(Beginning of Data block)
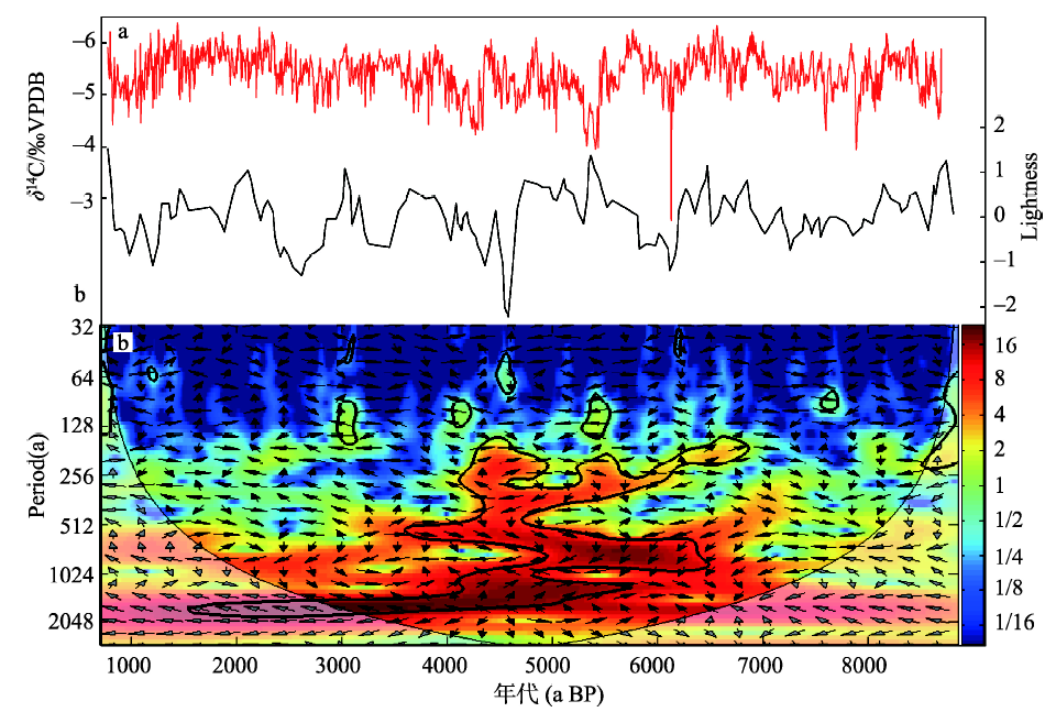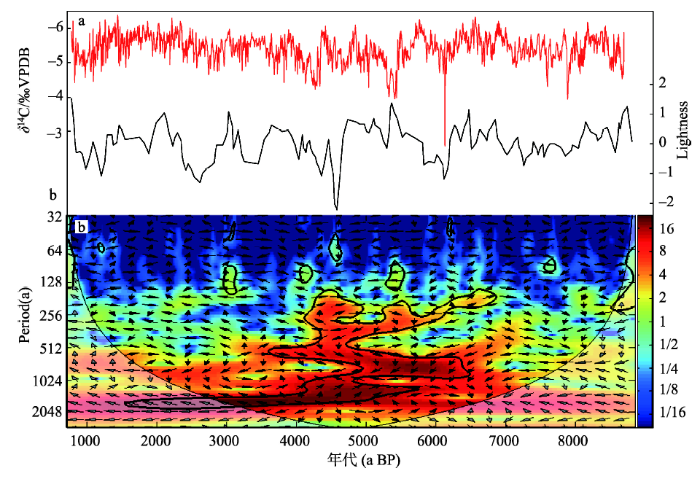 石笋δ13C分解的百年尺度周期的总贡献率为43.29%,其中imfc6的贡献率最大,其对应的526 a周期是δ13C序列变化的主周期。北大西洋NEAP15k岩芯亮度(Lightness)作为北大西洋深层水循环的指标存在显著的550 a周期[46]。董哥洞石笋δ13C记录与NEAP15k记录交叉谱分析显示(图6b),尽管两者从千年到数十年尺度都有一定的相关性,但是很显然最大的相关性出现在550 a周期左右。用同样的方法对北大西洋NEAP15k岩芯亮度进行EEMD分解,并将其准550 a振荡与石笋δ13C序列526 a振荡的进行对比(图5c),对比结果显示两个序列具有一定的相似性。说明在该时间尺度上,北大西洋区域环境演化与低纬植被生产率之间可能存在内在联系。可能的机制是北半球高纬气候通过西风带影响了东亚大陆的温度和干湿度变化,继而影响土壤生产率的变化[47]。
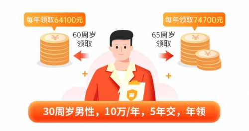 以30周歲男性投保福滿滿2號養(yǎng)老年金險,年交保費10萬,交5年為例,該消費者規(guī)劃從60周歲起開始按年領(lǐng)取養(yǎng)老金,每年可以領(lǐng)取64,100元;若想延后幾年,從65周歲再開始領(lǐng)取,則每年可以領(lǐng)取74,700元,在同等繳費條件下,消費者起始領(lǐng)取年齡越晚,可領(lǐng)取的養(yǎng)老金金額就越高。
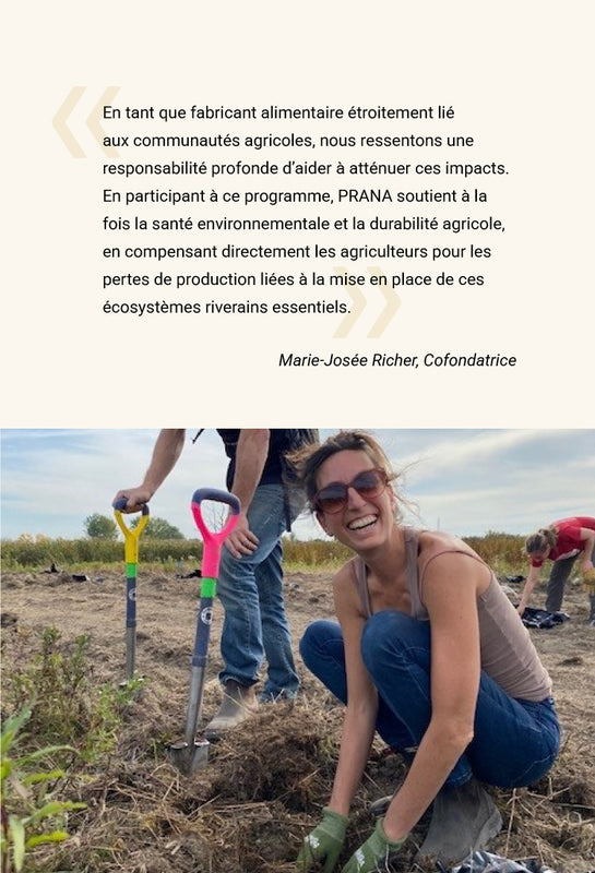 À travers notre collaboration avec le Programme Carbone Riverain d’Arbre-Évolution, nous parrainons la plantation de bandes riveraines végétalisées, barrières naturelles le long des cours d'eau, en milieu agricole partout au Québec. Ces initiatives soutiennent directement les
(End of Data block)
Exercise requirements: The line containing "以30周歲男性投保福滿滿2號" marks the end; please output exactly the lines of the listing above from its first line through that line, without pictures.

Result of this task:
 石笋δ13C分解的百年尺度周期的总贡献率为43.29%,其中imfc6的贡献率最大,其对应的526 a周期是δ13C序列变化的主周期。北大西洋NEAP15k岩芯亮度(Lightness)作为北大西洋深层水循环的指标存在显著的550 a周期[46]。董哥洞石笋δ13C记录与NEAP15k记录交叉谱分析显示(图6b),尽管两者从千年到数十年尺度都有一定的相关性,但是很显然最大的相关性出现在550 a周期左右。用同样的方法对北大西洋NEAP15k岩芯亮度进行EEMD分解,并将其准550 a振荡与石笋δ13C序列526 a振荡的进行对比(图5c),对比结果显示两个序列具有一定的相似性。说明在该时间尺度上,北大西洋区域环境演化与低纬植被生产率之间可能存在内在联系。可能的机制是北半球高纬气候通过西风带影响了东亚大陆的温度和干湿度变化,继而影响土壤生产率的变化[47]。
 以30周歲男性投保福滿滿2號養(yǎng)老年金險,年交保費10萬,交5年為例,該消費者規(guī)劃從60周歲起開始按年領(lǐng)取養(yǎng)老金,每年可以領(lǐng)取64,100元;若想延后幾年,從65周歲再開始領(lǐng)取,則每年可以領(lǐng)取74,700元,在同等繳費條件下,消費者起始領(lǐng)取年齡越晚,可領(lǐng)取的養(yǎng)老金金額就越高。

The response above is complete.